Wednesday, January 11, 2012

Costumes, Costumes, Costumes!!!

 don't know what it is this year, but my oldest has had to dress up more this year than any other year. Actually I don't think he has ever HAD to dress up before. Well when I started all these, I didn't want to "buy" anything to make any of the costumes . I only wanted to use what was in my stash already. So far, so good. I also seemed to do all of this without a pattern of anykind. I used newpaper and made a pattern on his body for the second and third costumes.

Round 1 - Well for literacy night he was supposed to dress up as the main character in the book he chose. He chose Mark Twain. He didn't tell us that he wanted to dress up until 4pm. He needed to be at school by 5:45. We still had to go to piano, which took an hour. Talk about freak out. I called my MIL and got her to buy a button up shirt and a can of white hair spray. I sewed up a 3/4 length shirt of mine and turned it into a jacket with felt lapels. I made a bushy mustache with felt and yarn and double stick taped it onto his face. Well miracle of miracles, we did it. It was rushed and chaotic but it worked. I didn't get a pic of him in his Mark Twain gear, but it was cute. He wasn't required to dress up for that, but he really wanted to. We've since discussed, letting someone know before the night of, or even the day before, ... try and give mom a week's notice please, LOL.

Round 2 - Gift and Talented project prop. My son had to dress up as part of his travel project. he had to dress in a traditional Greek outfit. Well, we fudged this a bit. We looked online and found most of the traditional dress was big flowy shirts with a sash around the waist, a decorated vest and some weird shaped pants. The idea wasn't to exactly recreate something, but just to give the feel, so we decided to skip the pants. I made a vest out of wool felt I had laying around. I made a flowy pirate style tied shirt out of off white cotton (thin muslin). And the sash was simply black flannel. I didn't get a picture of him with it on project day, but here it is from yesterday before I had to modify the shirt:


He wore a white shirt under it on project day and some nicer pants, but you get the idea of what he looked like.

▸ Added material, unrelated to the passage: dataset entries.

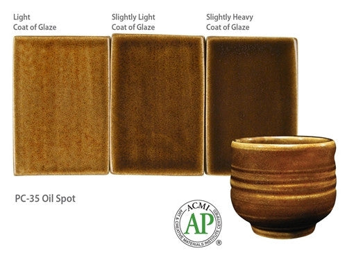 Reminiscent of T'ang Dynasty glazes, Oil spot is a glossy medium brown translucent glaze that is excellent for textured surfaces.
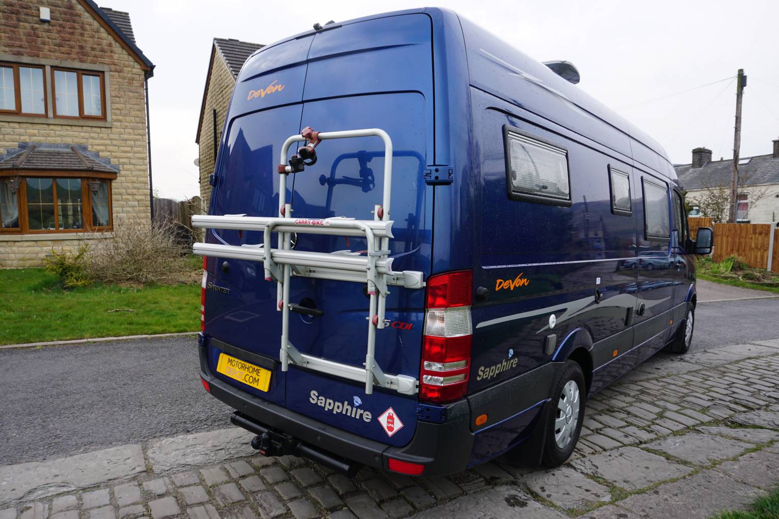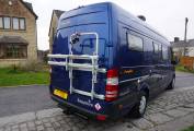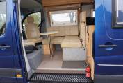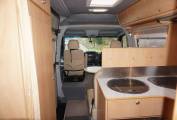 I present this wonderfully equipped Devon Sapphire Van conversion. Chief amongst the Sapphire’s features is a longitudinal double bed at the rear with the bathroom alongside. The 6ft 4in double sits on a slatted base and covers a huge storage area that’s accessible through the twin rear doors. Above the bed, the LED lights have a dimmer switch, while full-height curtain can shut off the whole bedroom/bathroom area for privacy.
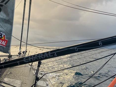 « Ça va. J'ai eu le droit quand même il y a trois jours à une nuit super compliquée dans une petite dépression avec des vents à 40 nœuds et de la neige qui tombait à l'horizontale. Mon pilote automatique n'a rien trouvé de mieux que décrocher à ce moment, le bateau est parti à l'abattée, la situation a été hyper tendue, mais je n'ai heureusement rien cassé. Donc à part ce souci de pilote, qui semble résolu, et mon J2 (voile d'avant intermédiaire) qui est pour l'instant inutilisable, Charal est plutôt en bon état. Ce qui est certain, c'est que jusqu'à l'arrivée, il faut continuer à en prendre soin, parce que l'objectif, c'est de terminer. »
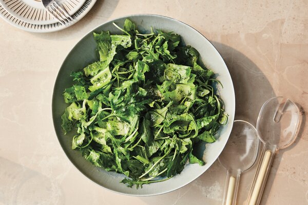 - Add a couple of tablespoons of the vinaigrette to the salad greens, and toss, adding more as needed to evenly coat. The salad should be lightly dressed, not drowned. Taste for seasoning, adjusting with more salt and pepper as desired.
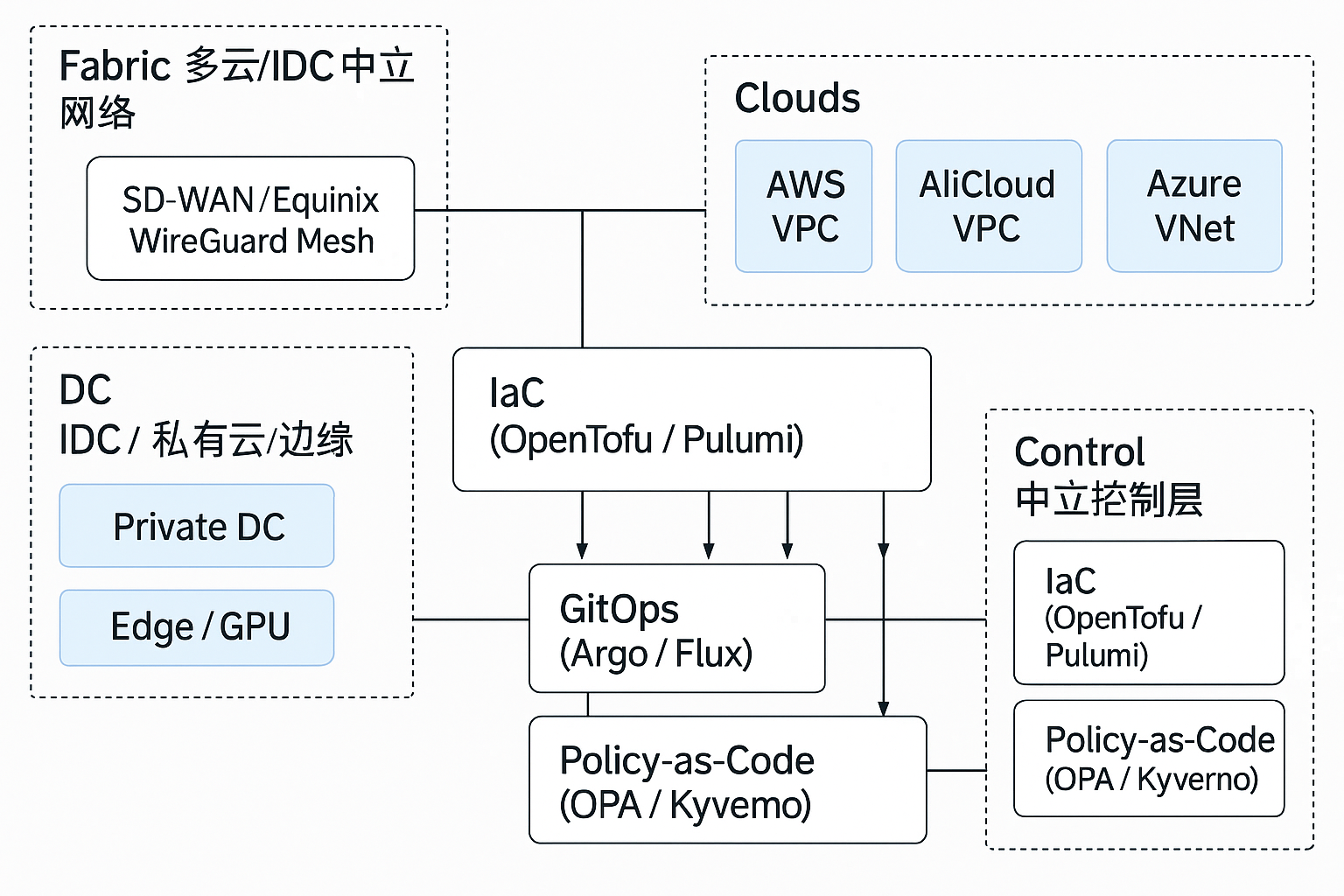 - 控制平面保持中立与声明式(IaC / GitOps / Policy-as-Code),
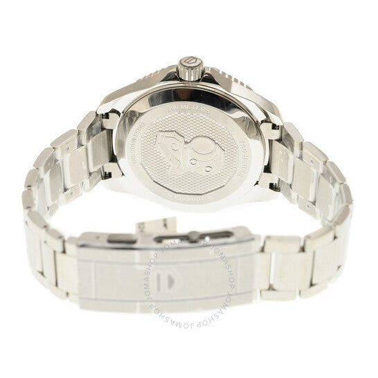 Silver-tone stainless steel case and bracelet. Turning bezel blue and white 24 hour scale ceramic bezel. Blue dial with silver-tone hands and index hour markers. Minute markers around the outer rim. Dial Type: Analog. Luminescent hands and markers. Date display at the 6 o'clock position. Tag Heuer Calibre 7 Automatic movement, based upon ETA 2892-A2, containing 25 Jewels, bitting at 28800 vph, and has a power reserve of approximately 46 hours. Scratch resistant sapphire crystal. Solid case back. Dodecagon case shape, case size: 43 mm. Deployment with push button release clasp. Water resistant at 300 meters / 1000 feet. Functions: date, GMT, second time zone, hour, minute, second. Aquaracer Series. Luxury watch style. Watch label: Swiss Made. Tag Heuer Aquaracer Automatic Blue Dial Men's Watch WBP2010.BA0632.
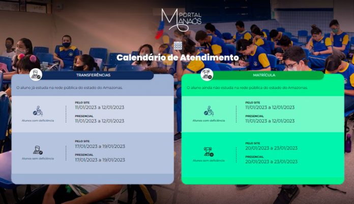 Conforme o calendário de matrículas para acesso às redes públicas de ensino em 2023, divulgado pelo Governo do Amazonas e a Prefeitura de Manaus, as rematrículas dos alunos iniciaram nessa quinta-feira, 15/12, e vão até 5 de janeiro de 2023. Além da rematrícula o calendário mostra as datas relacionadas a períodos de transferência, matrícula para novos alunos tanto no ensino fundamental e médio, como creches.
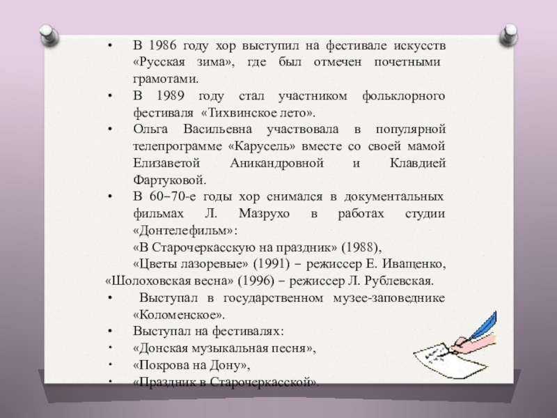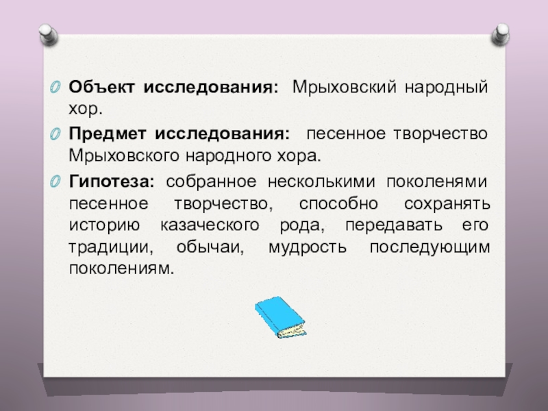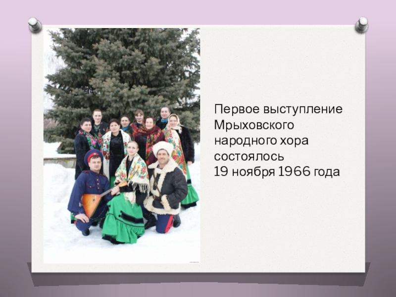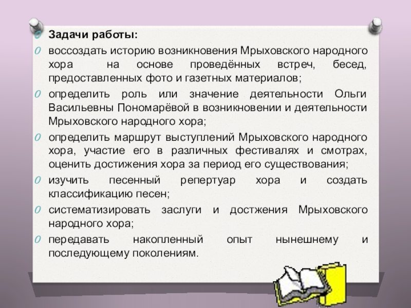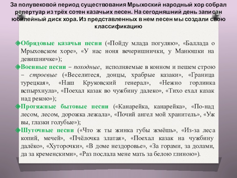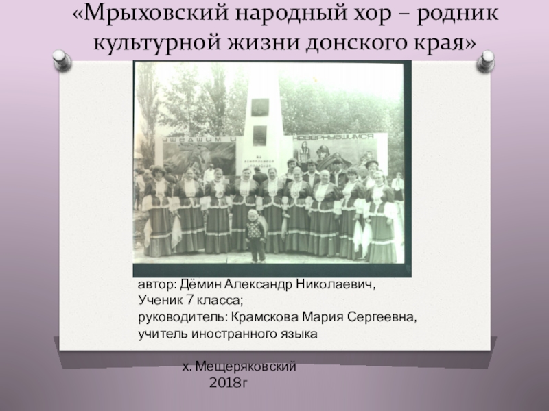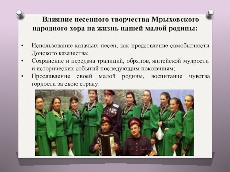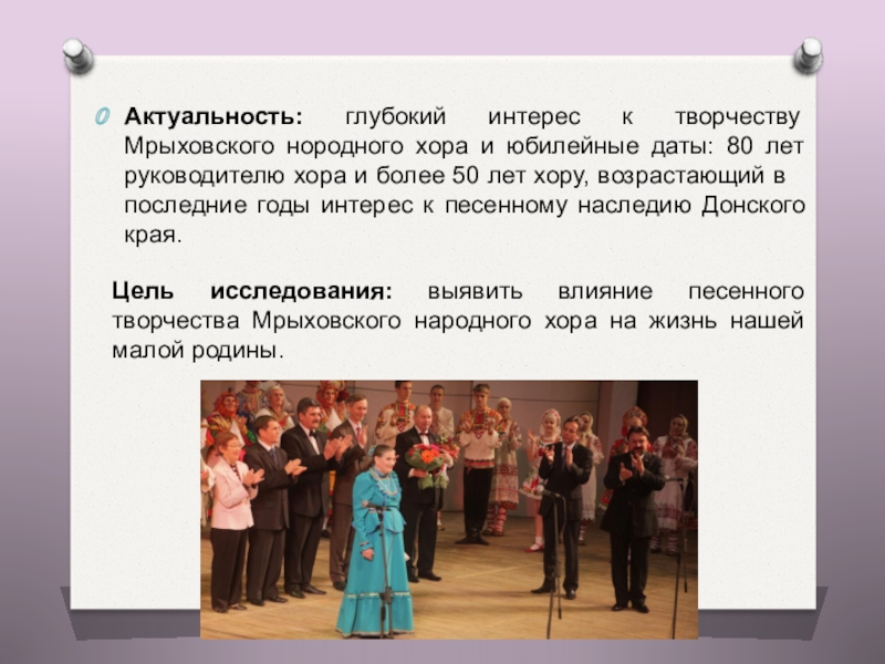 Цель исследования: выявить влияние песенного творчества Мрыховского народного хора на жизнь нашей малой родины.
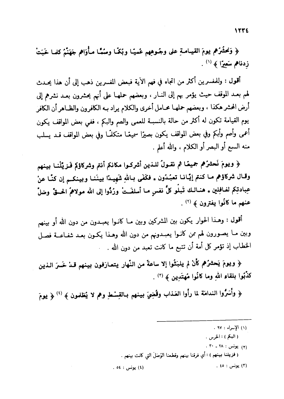 أقول: وللمفسرين أكثر من اتجاه في فهم الآية فبعض المفسرين ذهب إلى أن هذا يحدث لهم بعد الموقف حيث يؤمر بهم إلى النار، وبعضهم حملها على أنهم يحشرون بعد نشرهم إلى أرض المحشر هكذا، وبعضهم حملها محامل أخرى والكلام يراد به الكافرون والظاهر أن الكافر يوم القيامة تكون له أكثر من حالة بالنسبة للعمى والصم والبكم، ففي بعض المواقف يكون أعمى وأصم وأبكم وفي بعض المواقف يكون بصيرًا سميعًا متكلمًا وفي بعض المواقف قد يسلب منه السمع أو البصر أو الكلام. والله أعلم.
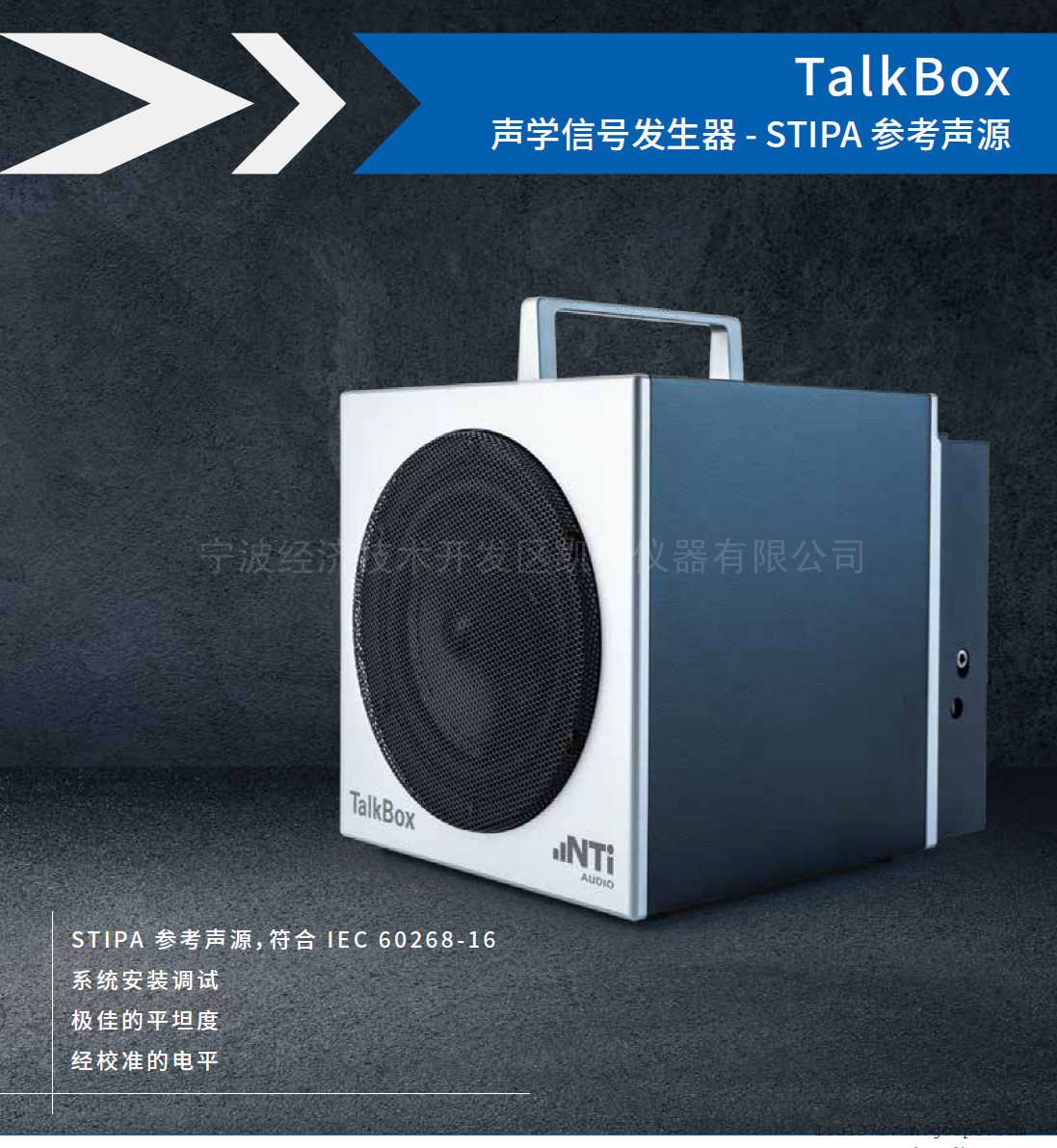 详细信息| 询价留言品牌:瑞士NTi 型号:TalkBox 加工定制:否 外形尺寸:150x150x175 mm 重量:3.5 ㎏ 加工定制:否 STIPA测试声源—声学信号发生器TalkBox瑞士NTi
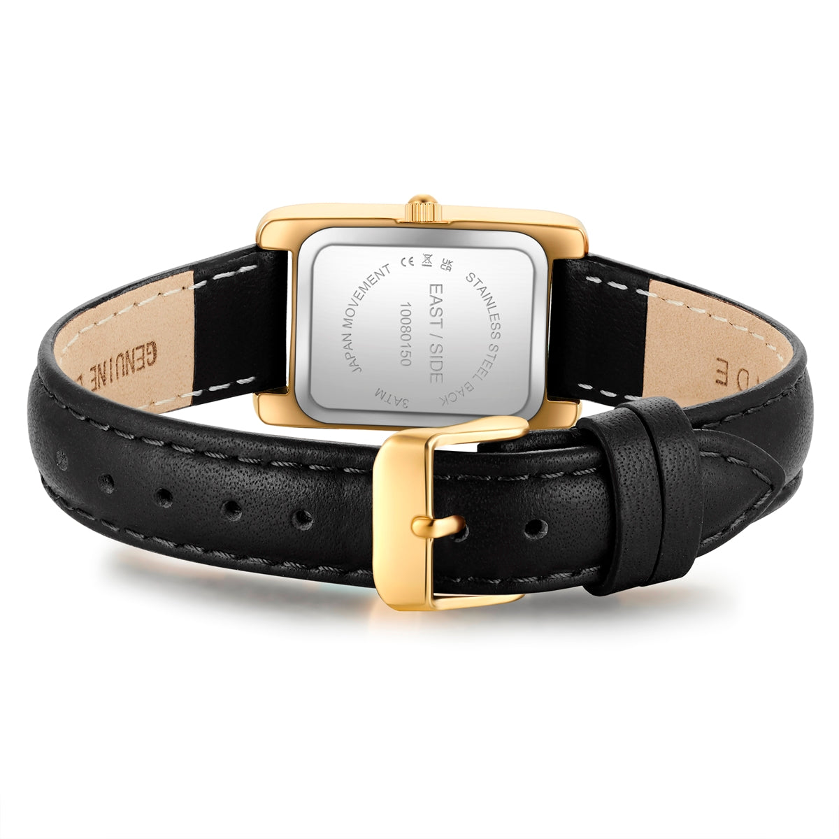 Damen Quarzuhr gelbgold Echtleder schwarz
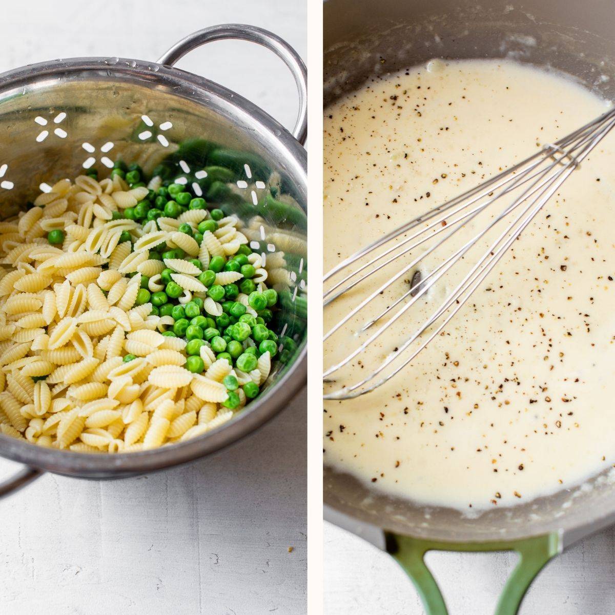 1. Bring a large pot of water to a boil, then cook the pasta for approximately 5 minutes before adding in the peas. Continue cooking until the pasta is cooked to your liking, then drain.
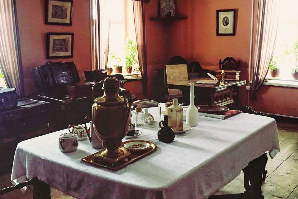 Именно этой концепции следует основная экспозиция в главном корпусе. Она занимает три комнаты. Например, в комнате Дуняши — дочери станционного смотрителя — можно увидеть недошитый сарафан, вышивку на пяльцах и украшения, а в комнате смотрителя — самовар и старинные часы.

Round 3 - Colonial play. Tomorrow he is going to be dressed up as a colonial townperson. I reused the shirt I made for his project and added fabric and lace to the sleeves. I added some hook and eyes to the neckline to make the head hole smaller. I added some snaps to the front on either side of the tie slit. I added a weird fabric and lace bib type thing (what the heck is that anyway) that snaps onto the front. That finished the shirt reconstruction. The hat is a pirate hat that I bought for the boys when they were little for playing dress up. I just covered the skull and crossbones with a fabric patch that I safety pinned on. The green knickers and coatvest are made of flannel. I cheated and used my snap press instead of buttons on the coatvest. He's going to use a pair of white knee high socks that I had in my sock drawer. Who cares if they are textured. And a pair of black shoes (those are new but he needed some dress shoes anyway) that I painted thin cardboard from a cereal box and added with double stick tape to. Wow, that took all day to do. I really didn't expect it to take so long. Well here he is:




               


I think it turned out great.

Now I don't *think* he will have anymore costumes this year that I will have to make. Funny thing is, I didn't make his Halloween costume this year. He used the same store bought costume as last year. LOL.